Make ReGenesees Digest Externally Calibrated Weights

Enables ReGenesees to provide correct variance estimates of (functions of) calibration estimators, even if the survey weights have not been calibrated by ReGenesees.

ext.calibrated(data, ids, strata = NULL, weights,
               fpc = NULL, self.rep.str = NULL, check.data = TRUE,
               weights.cal, calmodel, partition = FALSE, sigma2 = NULL)

Arguments

data	The same as in function `e.svydesign`.
ids	The same as in function `e.svydesign`.
strata	The same as in function `e.svydesign`.
weights	The same as in function `e.svydesign`.
fpc	The same as in function `e.svydesign`.
self.rep.str	The same as in function `e.svydesign`.
check.data	The same as in function `e.svydesign`.
weights.cal	Formula identifying the externally calibrated weights.
calmodel	The same as in function `e.calibrate`.
partition	The same as in function `e.calibrate`.
sigma2	The same as in function `e.calibrate`.

Details

Owing to ReGenesees's ability to provide proper variance estimates for (complex functions of) calibration estimators, some users may be tempted to exploit ReGenesees in the estimation phase even if they did not use ReGenesees for calibration.

This result cannot be achieved naively, by simply passing to ReGenesees function e.svydesign the survey data and supplying the externally calibrated weights through its weights argument.

Indeed, variance estimation methods of ReGenesees's summary statistics functions (svystatTM, svystatR, svystatS, svystatSR, svystatB, svystatQ, svystatL and svystat) are dispatched according to the class of the input design object:

If the design object is un-calibrated (i.e. its class is ‘analytic’), variance formulas are appropriate to Horvitz-Thompson estimators (and functions of them).
If the design object is calibrated (i.e. its class is ‘cal.analytic’), variance formulas are appropriate to Calibration estimators (and functions of them).

Therefore, the naive approach of passing the externally calibrated weights weights.cal to e.svydesign as if they were initial or design weights cannot succeed, since it would result in HT-like variance estimates, leading generally to variance overestimation (with bigger upward bias for variables that are better explained by the calibration model).

Function ext.calibrated has been designed exactly to avoid the aforementioned pitfalls and to allow ReGenesees provide correct variance estimates of (functions of) calibration estimators, even if the survey weights have been calibrated externally by other software.

Argument weights.cal identifies the externally calibrated weights of the units included in the sample.
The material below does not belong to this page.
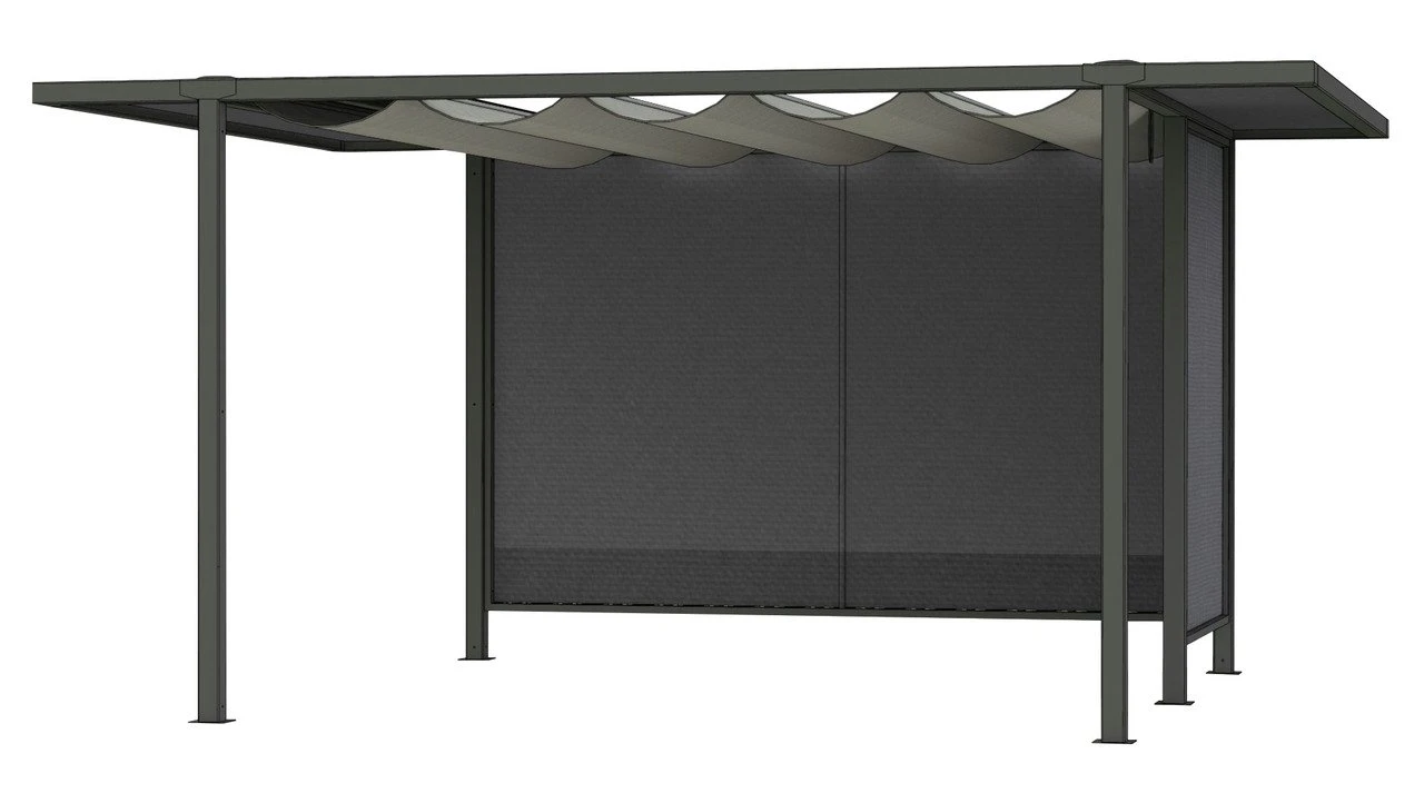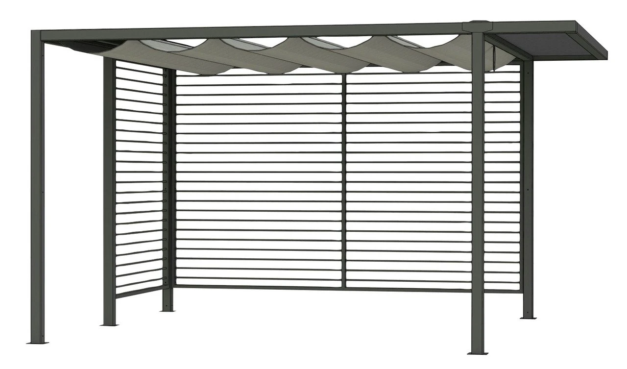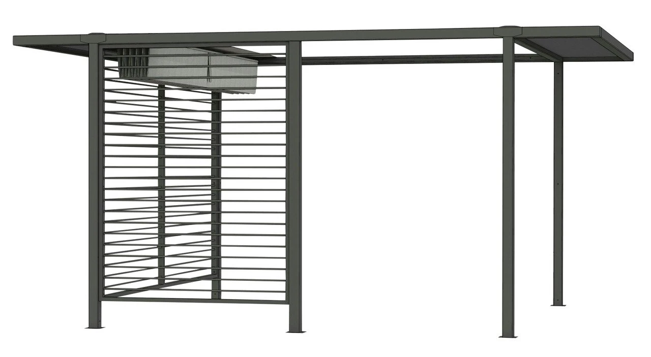 Machen Sie es sich unter der ZURBRÜGGEN Dacherweiterung “SCHATTENMANUFAKTUR” gemütlich. Das praktische Erweiterungskonzept der gleichnamigen Pergola schützt Sie vor intensiver Sonnenbestrahlung sowie Nieselregen im Gartenbereich. In Anthrazit fügt sich das Element zu jedem Farbgeschmack Ihres Outdoorkonzepts.
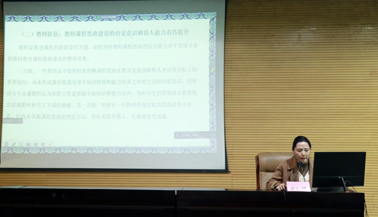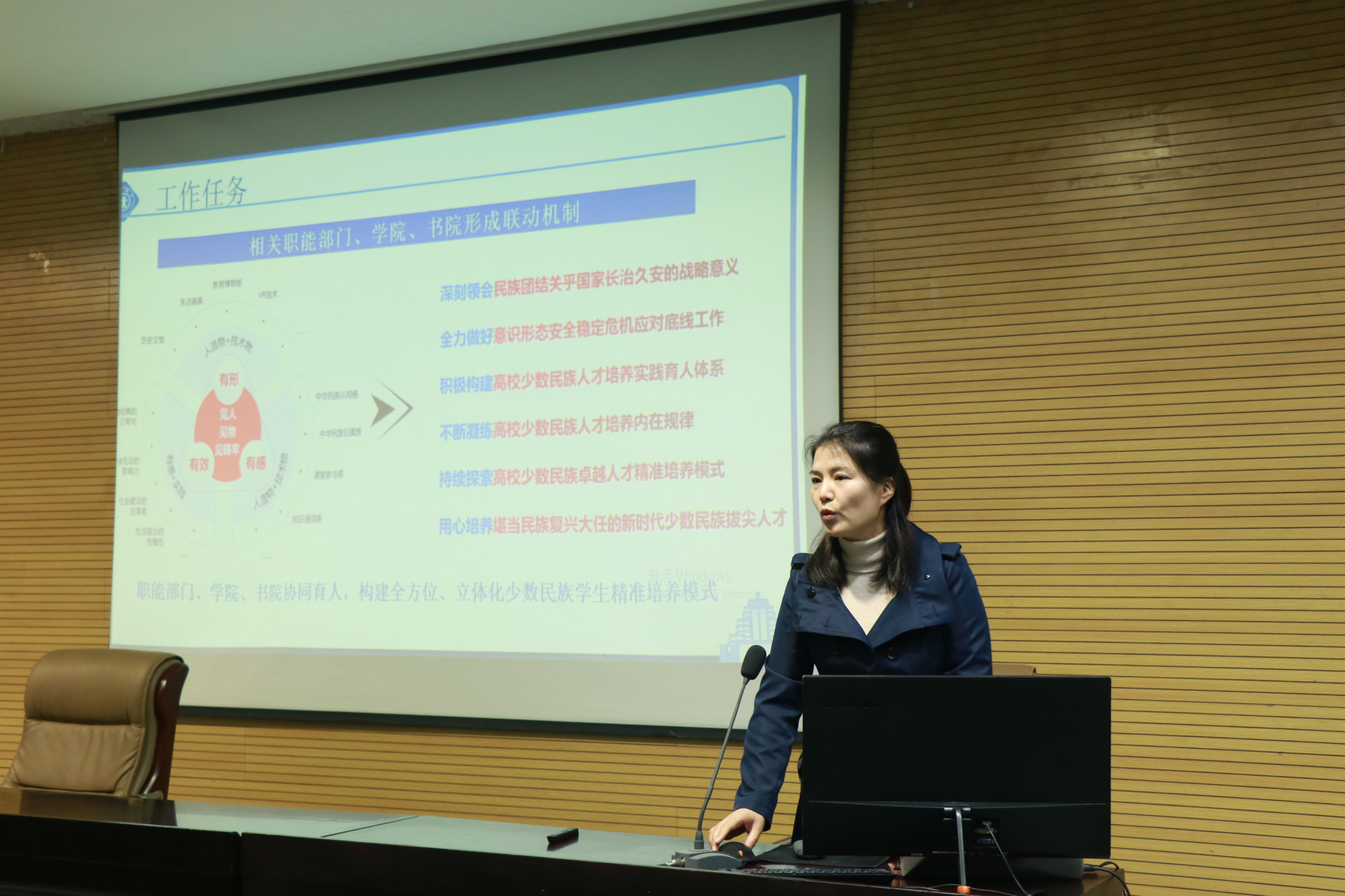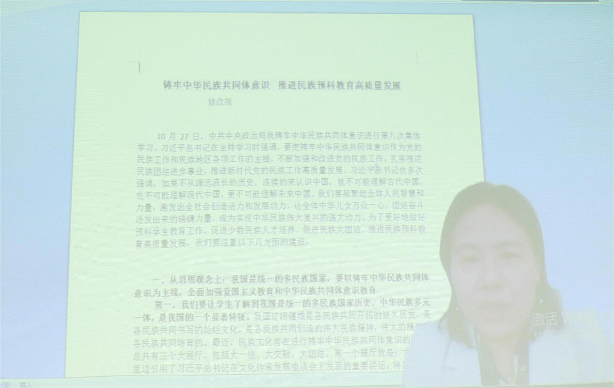 学院教师萨仁娜以课程思政建设为出发点,做了《高校民族预科课程思政助推铸牢中华民族共同体意识:现实困境与实现路径》专题报告,着重阐述了如何开展“课程思政”建设,有效铸牢预科学生中华民族共同体意识,使之成为新时代提升高校少数民族预科教育质量、人才培养能力的重要抓手。

The data variable referenced by weights.cal must be numeric. Currently, only positive externally calibrated weights can be handled (see the dedicated section below).

Other arguments to ext.calibrated derive either from function e.svydesign or from function e.calibrate. The former serve the purpose of passing the survey data and the corresponding sampling design metadata, the latter are meant to tell ext.calibrated how the externally calibrated weights have been obtained.

What if externally calibrated weights happen to be negative?

From a methodological perspective, negative calibration weights are legitimate. However, owing to software implementation details whose modification would not be trivial, function ext.calibrated is not yet able to cope with this case. Note that the problem is actually due to the external origin of the negative calibration weights. In fact, ReGenesees calibration and estimation facilities are entirely able to cope with possibly negative calibration weights, provided they were computed internally.

Value

An object of class cal.analytic, storing the original survey data plus all the sampling design and calibration metadata needed for proper variance estimation.

Note

Exactly as ReGenesees's base functions e.svydesign and e.calibrate would do, ext.calibrated too will wrap inside its return value a local copy of data. As usual, this copy will be stored inside the variables slot of the output list. As usual, again, the calibrated weights will be accessible by using the weights function.

Examples


# Load data sbs data
data(sbs)

#########################################################################
# Simulate an external calibration procedure and compute some benchmark #
# estimates and errors to test function ext.calibrated                  #
#########################################################################
# Define a survey design
sbsdes <- e.svydesign(data= sbs, ids= ~id, strata= ~strata, weights= ~weight,
                      fpc= ~fpc)

# Build a template for population totals
pop <- pop.template(data= sbsdes, calmodel= ~y:nace.macro + emp.cl + emp.num - 1,
                    partition= ~dom3)

# Have a look at the template structure
pop.desc(pop)
#> # Data frame of known totals for a *partitioned* calibration task
#> - Number of rows:         4
#> - Number of columns:      11
#> - Number of known totals: 40
#> 
#> # The data frame structure is as follows
#> ## Column 1 identifies 4 *calibration domains* (one for each row)
#> 
#>   dom3
#> 1    A
#> 2    B
#> 3    C
#> 4    D
#> 
#> ## Columns 2-11 identify known totals organized into *3 BLOCKS* 
#> 
#>  - BLOCK 1 ---------------------------------------------------------------- 
#>  - Benchmark:           Counts of emp.cl 
#>  - Known totals:        20 
#>  - Auxiliary variables: 5 
#>  - Columns:             2-6 
#> 
#>     2       3        4         5         6         
#> aux "[6,9]" "(9,19]" "(19,49]" "(49,99]" "(99,Inf]"
#> 
#> 
#>  - BLOCK 2 ---------------------------------------------------------------- 
#>  - Benchmark:           Total of emp.num 
#>  - Known totals:        4 
#>  - Auxiliary variables: 1 
#>  - Column:              7 
#> 
#>     7        
#> aux "emp.num"
#> 
#> 
#>  - BLOCK 3 ---------------------------------------------------------------- 
#>  - Benchmark:           Totals of y by nace.macro 
#>  - Known totals:        16 
#>  - Auxiliary variables: 4 
#>  - Columns:             8-11 
#> 
#>     8               9            10           11          
#> aux "y:Agriculture" "y:Industry" "y:Commerce" "y:Services"
#> 
#> 

# Fill the template
pop <- fill.template(universe= sbs.frame, template= pop)
#> 
#> # Coherence check between 'universe' and 'template': OK
#> 

# Calibrate
sbscal <- e.calibrate(design= sbsdes, df.population= pop, calfun= "logit",
                      bounds= c(0.8, 1.3), sigma2= ~ emp.num)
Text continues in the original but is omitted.